Basically yes. In practice most people don't use the term HD with photography, unless they are using it for marketing purposes as companies seem eager to slap the term HD on everything today. If you are displaying images on a 1080p TV, yes 2MP will look great.
If the resolution long axis is at least 1920 and the short edge at least 1080 then yes, you can take HD images without having to upscale.
However, due to benefits of oversampling, you will make a better HD image by grabbing a 16MP image and then resize with the best available resize method, e.g. lanczos interpolation if available.
Another problem you may encounter is that a 2MP camera have not been designed with high quality imaging in mind (*unless you are talking something like a Canon EOS D2000 from 1998 which has the wrong aspect ratio , anyway), so they saved costs on not only the sensor but the rest of the imaging system as well - low end optics, ADC, processing, etc. yielding a lower total system resolution and IQ.
I would be willing to bet 90% of the photographing population who might benefit from this question won't know what "lanczos interpolation" is. ;P I would use the phrase "some basic downscaling in Photoshop", which is more than good enough to average pixels, reduce noise, and improve the sharpness of a 1920x1080 output image.

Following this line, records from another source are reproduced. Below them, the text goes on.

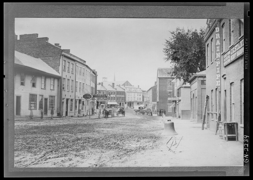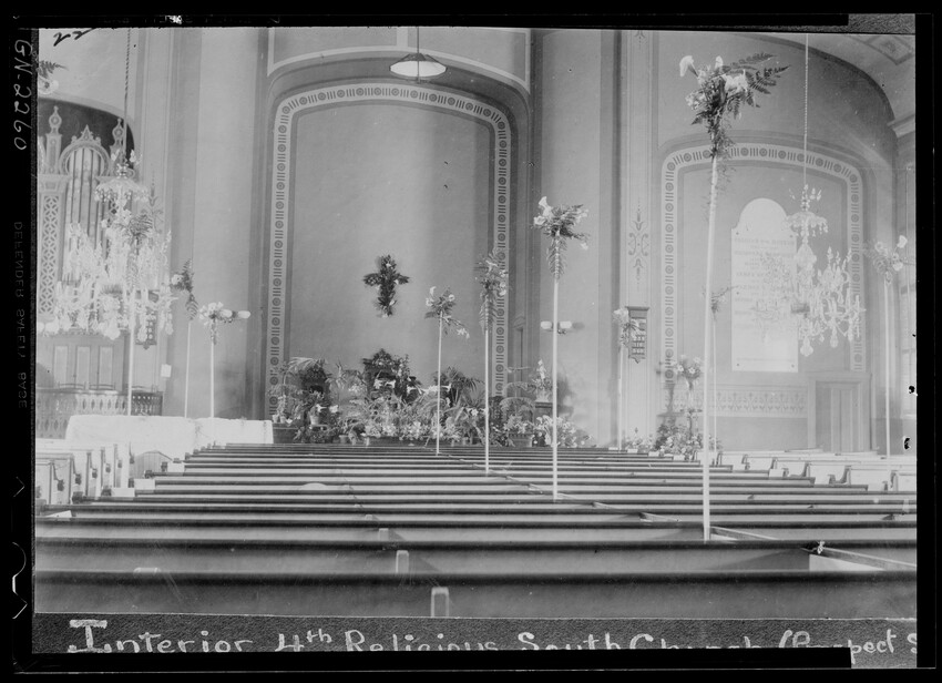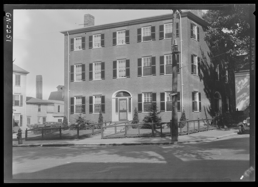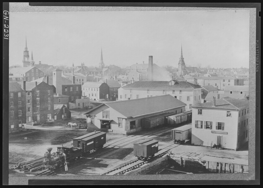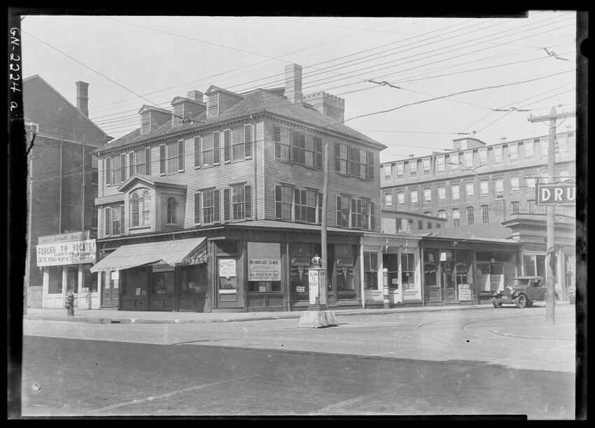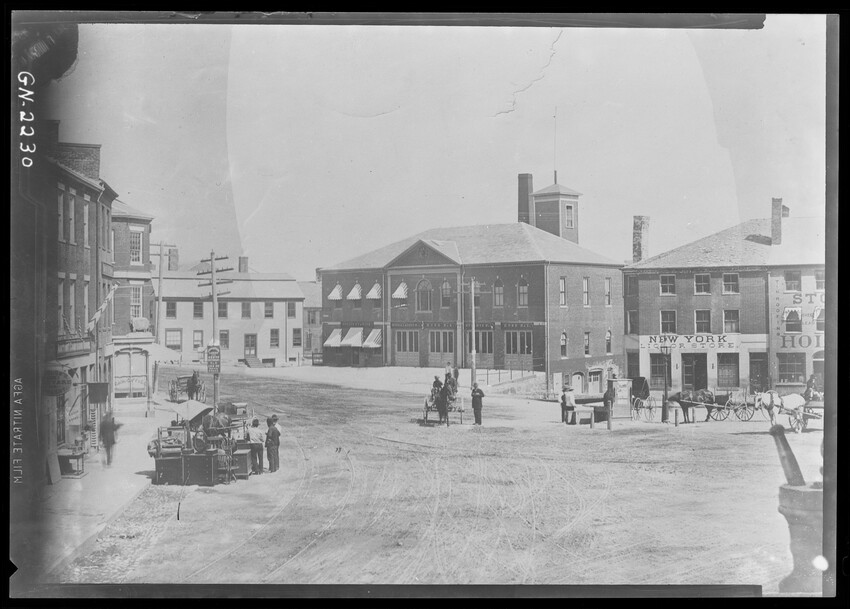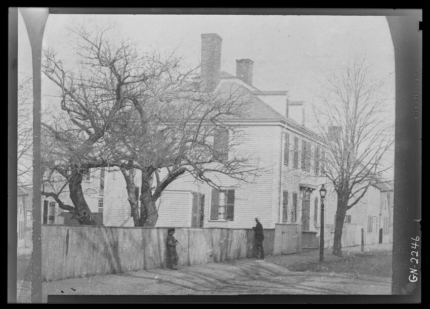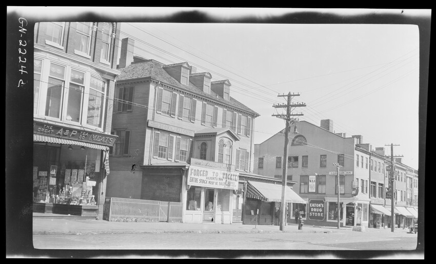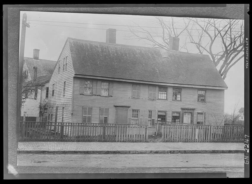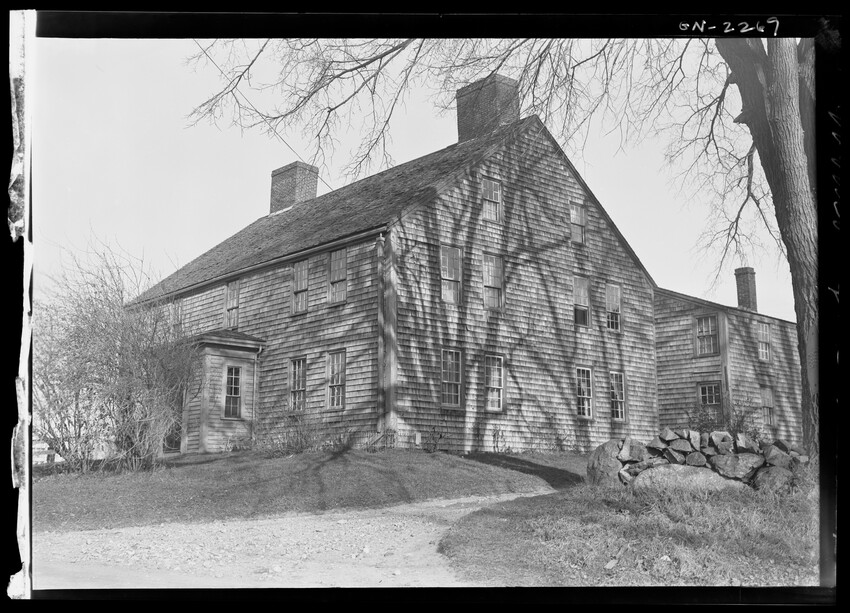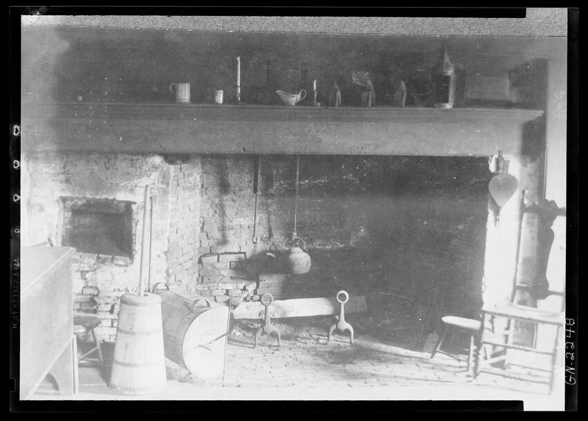 The image depicts a large open fireplace in the Macy-Colby House, Amesbury, Massachusetts. Various cooking utensils, pots, and implements are arranged on and around the hearth, along with a spinning wheel to the right. Above the fireplace, a rifle and powder horn are mounted on the wall. Other house...
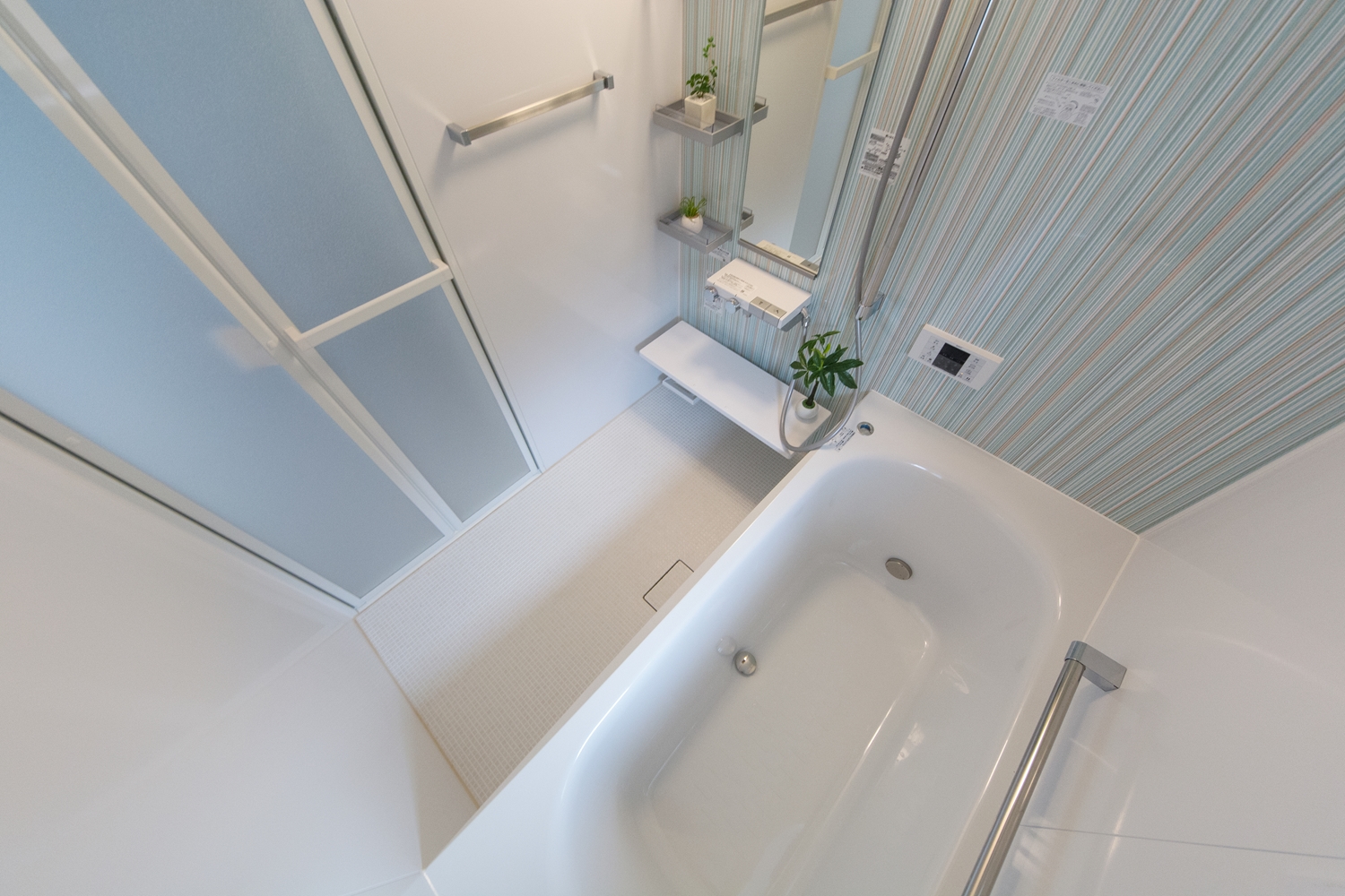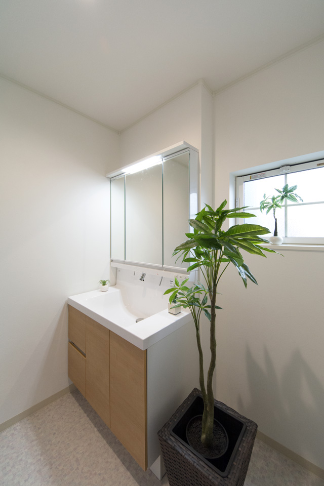 白を基調とした清潔感のあるサニタリールーム。ライトブラウンの洗面化粧台扉がナチュラルな雰囲気を演出します。
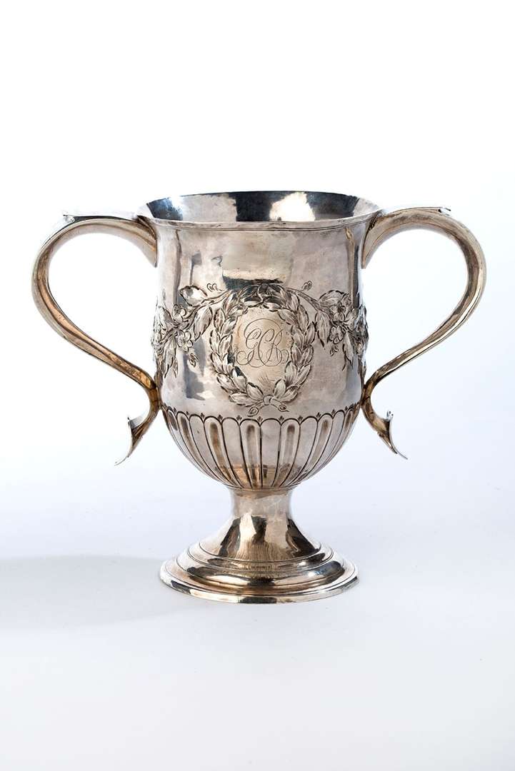 La panse à décor au repoussé d'une guirlande fleurie. L'avers est gravé des intiales GCR, insérées dans une couronne de lauriers. Les anses creuses se
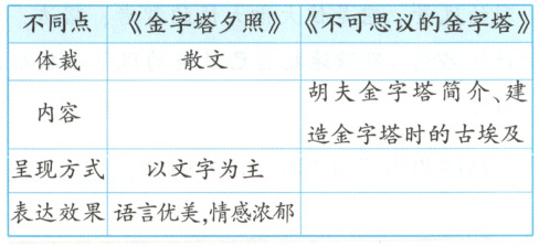 [点拨]本题考查对比阅读的能力。《金字塔夕照》是一篇抒情散文,描写了夕阳下金字塔的雄浑之美及作者观赏时的万千思绪,文章情感浓郁,融情于景,字里行间充满对金字塔的赞美。《不可思议的金字塔》是一篇非连续性文本,采用图文结合的表达方式,提供了丰富的有关金字塔的信息,能够帮助读者高效、全面地了解金字塔的概貌。

Remember my oversampling image tests in another question where I showed that fine texture would persist in the downscaled version, while shooting directly to that resolution didnt capture the texture? I noted that the end result relied on using the best available resize method. I guess I can write that :)
@jrista I don't know what the situation is in the US, but here in Europe Lanczos and other kernel based filters are part of the preschool curriculum ;)
No, because of the Bayer filter. You would actually need around 11 megapixels.
What a Bayer filter is
Colour camera sensors use Bayer filters to capture the various colours. The Bayer filter effectively halves the resolution of the sensor for each colour (though green is left with slightly more in a checker-board pattern).
Each pixel on the sensor can only capture either red, green or blue light, but not all three colours. A software algorithm needs to interpolate the data later to re-construct the full resolution photograph in full colour.
This interpolation process (called demosaicing) will visually restore a lot of the effective lost resolution, making it look pretty sharp again, but it can only do so by taking fairly intelligent guesses. It's not the same as if you had been able to capture the image at full resolution in the first place.
For example, while demosaicing is fairly good at claiming back lost sharpness from the Bayer filter, any fine detail such as hair, comb-like patterns or fine stripes are likely to suffer from aliasing, which can show up as colourful interference patterns:
(These images show very poor demosaicing algorithms for the sake of illustration. Modern cameras - even cellphones - use much smarter ones.)
Modern demosaicing algorithms are pretty smart and can minimise the effect of aliasing, but it still cannot retain the fine detail. A distant picket fence shot on a 1920x1080 colour sensor will retain less effective resolution than an RGB 1920x1080 image that is computer-generated or scaled down from a larger sensor or scanned on a scanner.
How this affects the resolution
(and how I came up with the "11 megapixels" figure)
The effective resolution of the resulting image after demosaicing doesn't look like it is half the resolution claimed by the sensor, because of the gains made by smart demosaicing routines, and the fact that the green channel, which correlates well with luminance, has more resolution than the other colours.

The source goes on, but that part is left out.